The process of refining the fish down to its safely edible portions and then preparing it for the table helps drive the price of a fugu meal to its stratospheric levels. In tables like assembly lines in a building across from the Haedomari market, legions of licensed fugu butchers go to work as soon as the first auctioned fish are trundled across the parking lot at 3:30 a.m.

They lop off the snouts, strip away the outer skin and peel off the edible inner skin from the mottled hide. Eviscerating the fish, they drop the poisonous liver into bins headed for incinerators, the only approved way of disposing of the organ.

Air-Freighted Live

Finally, they extract the plump fillets, which are shipped to restaurants along with the back meat, still attached to spinal bones, that will go into fugu stew. A similar process takes place at many restaurants that receive their fugu air-freighted live on flights leaving Shimonoseki, on the extreme southwestern tip of Honshu, Japan’s largest island, at 9 a.m. every day.

At the inns and restaurants, the fugu fillets are turned over to experienced chefs like Kaneharu Koshima of the Nakashima Inn in Shimonoseki.
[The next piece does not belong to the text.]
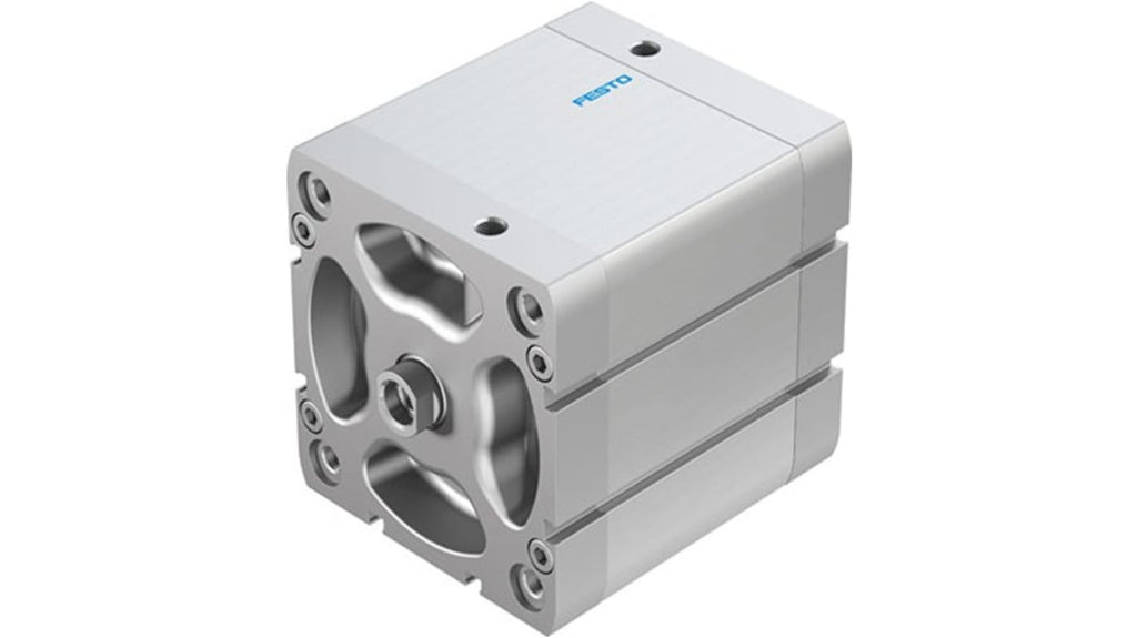 Cilindro pneumatico compatto Festo, doppio effetto, foro 100mm, corsa 60mm, conforme allo standard ISO 21287, rilevamento posizione con interruttori di prossimità, ammortizzazione pneumatica autoregolante, resistenza alla corrosione classe 2, conforme a RoHS, senza necessità di regolazione, possibilità di funzionamento lubrificato, conformità VDMA24364 B1B2 L LABS. Codice costruttore ADN-100-60-I-PPS-A.

A serious and businesslike 65, Koshima said he has been preparing fugu since he was 11, when he was apprenticed to a fugu master in his native city of Nagoya. His own parents ran a restaurant, but as the second son he stood to inherit nothing.

Advertisement

“I needed a special skill,” he said.

Koshima’s tools and techniques are unique even within the peculiarly specialized world of Japanese cuisine. He unfurls a roll of moistened cotton to produce three plump cylindrical white fillets. Withdrawing a long sashimi knife from its wooden sheath, he contrasts its straight edge with the curved edge of a conventional sashimi knife. His cutting surface is a foot-thick slab of gingko wood, chosen because it has no smell of its own to impart to the delicate fugu meat.

Designer Slices

Slicing the fillet in millimeter-thick leaves and then feathering each piece thinner again, he lays them out around the rim of a patterned ceramic plate, working gradually in to the center in a pattern of translucent slices designed to evoke the tail of a peacock. The delicacy of the slices makes a virtue of the fugu ‘s toughness, for a slice the thickness of any other sashimi would be impossible to chew, he said.
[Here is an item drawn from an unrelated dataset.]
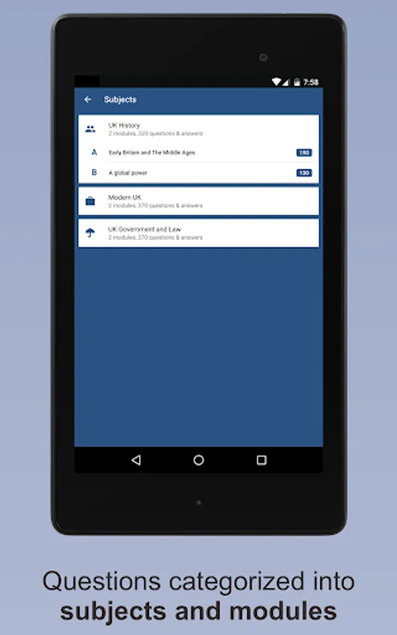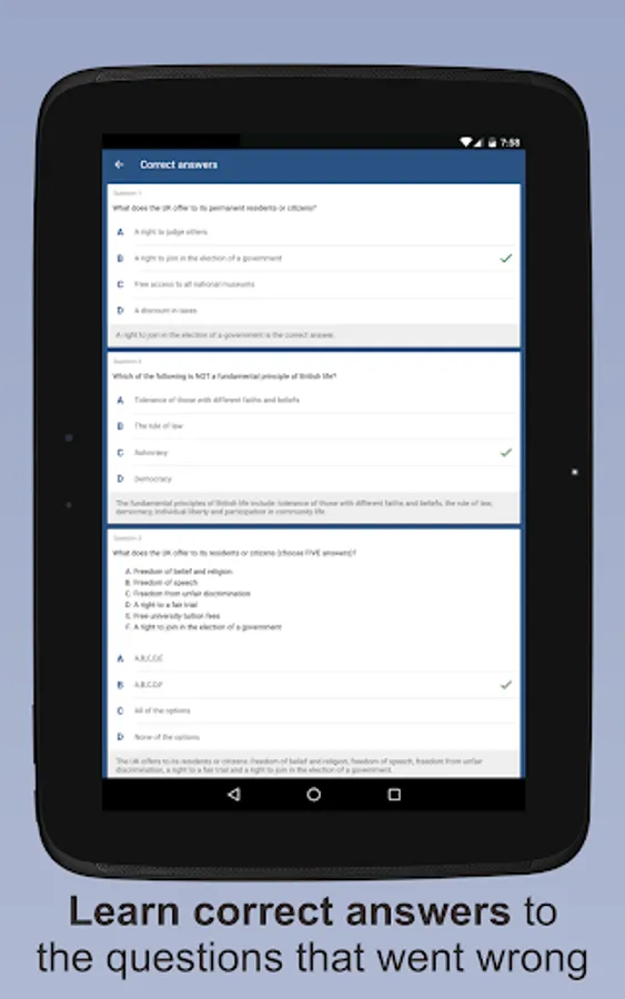 Prepare for UK Citizenship Test / Life in the UK Test with this free handy app containing 690 questions to help you practice.

Working next to Koshima, a younger chef, Katsuhisa Endo, arranges his fillets into the design of a chrysanthemum. Already prepared is another plate depicting a feathered crane, and one spectacular seashore scene using slices of fugu sashimi for the surface of the ocean, fine strips of white skin for the breakers upon the shore and a mound of green herbs for mountains rising from the beach.

Such artistry is pricey. Even the smaller dishes, each serving as an appetizer for two, will cost $160 per person, said Shohei Maeda, the inn’s owner.